There’s an ocean of difference between normalizing the bigotry, misogyny and xenophobia that under-girded this campaign, and the actual Nazi movement. Trump is not the first politician to use these elements to get elected. The only historical examples aren’t Hitler and Trump – it seems axiomatic and ridiculous to even type, but people, seemingly smart people, are shouting this. We just saw this happen in the UK and there’s a similar movement percolating in France. Republican politicians in the U.S., including the ones being feted as “reasonable” now, have long used racial dog whistles to drum up white support.

But in a zero-sum game, it’s us vs. them. Good vs. evil. Trump’s campaign basically said “Oh, OK Democrats, you want to play identity politics? We’ll show you identity politics.” Maybe if we started treating voting blocs more like people and not homogeneous groups of mindless robots, we could actually tamp down the rancor of racial divisiveness and gender fighting that plagues our culture.

But then how would we keep score?

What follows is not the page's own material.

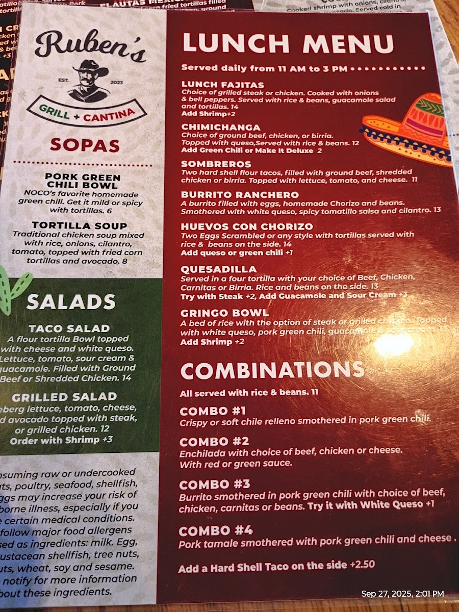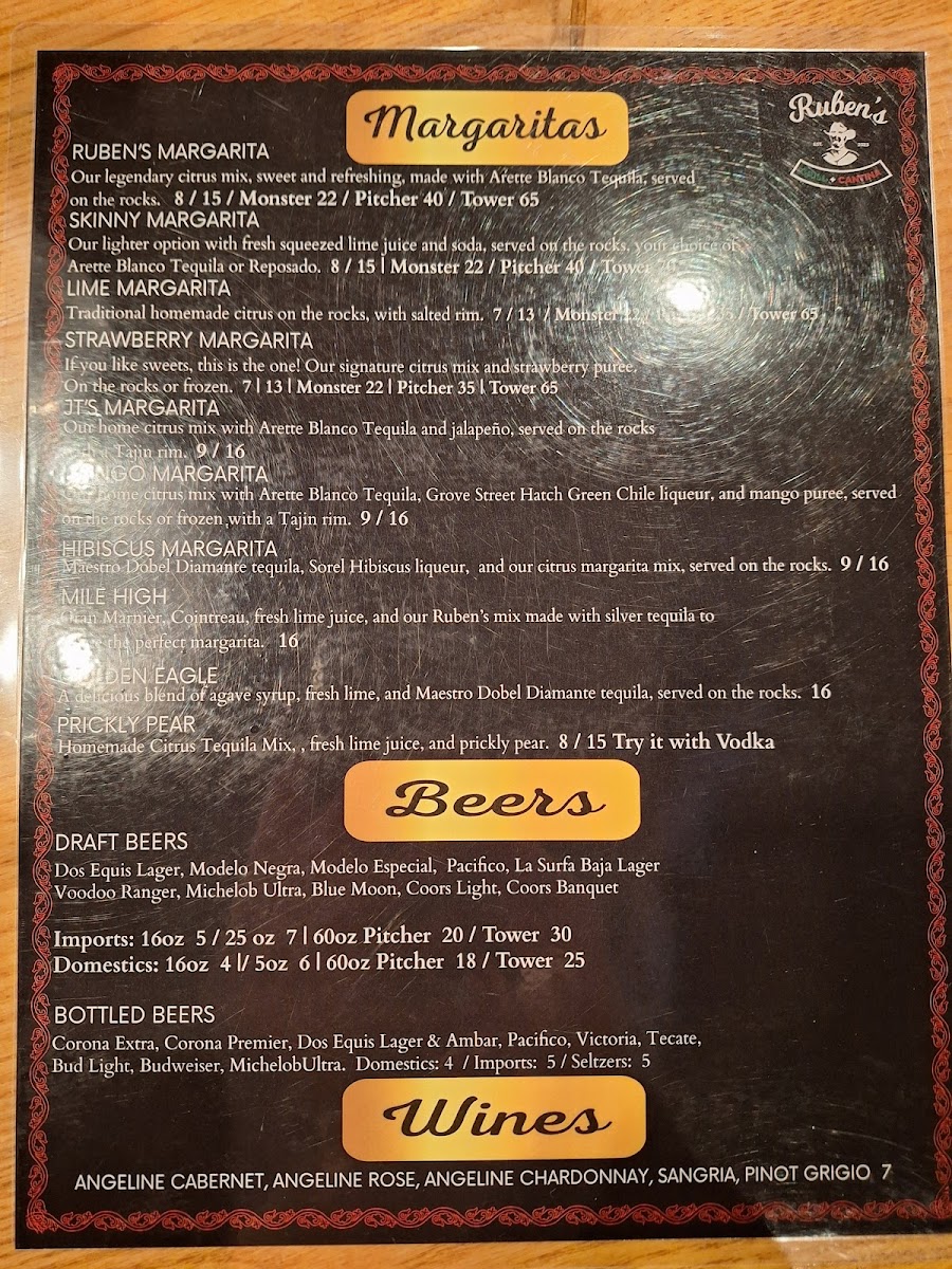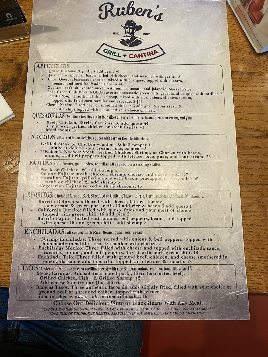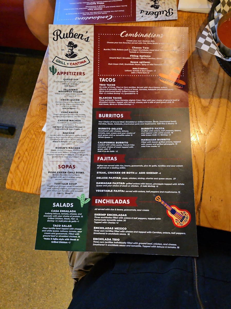 The menu at Ruben's Grill + Cantina offers a thoughtfully curated selection of Mexican dishes that strike a balance between familiar favorites and a few unique twists. Designed for casual dining with a lively yet comfortable atmosphere, the menu invites you to enjoy everything from hearty combination plates to simple, shareable appetizers.

The climate reflects a political media more concerned with the horse race politics and point scoring. Politics has become a team sport.

Read this story from The New York Times on the day President Obama signed the Affordable Care Act into law and tell me where it says what the ACA does. Spoiler alert: it’s not in there. There’s not one sentence about the policy itself, but plenty about the fight between Democrats and Republicans over how it was passed and where we go from here in the political arena.

These hyperbolic proclamations have become cudgels for partisans seeking to undermine their opponents. President Obama is a socialist, so the ACA – even if it helps people – is a socialist program and is therefore bad. President-elect Trump is a racist Fascist, so even if he spends billions on infrastructure that Democrats wanted, they can say “It doesn’t matter, he’s a white nationalist authoritarian.”

They allow us to retreat into our cocoons and tell ourselves we are the side of goodness and light. It insulates us against arguing any single detail because we don’t argue any detail. Instead, we issue broad dismissals. We cauterize the wounds identity politics have inflicted, and instead of progress, we have only regression and recrimination. If politics is a zero-sum game, we all lose.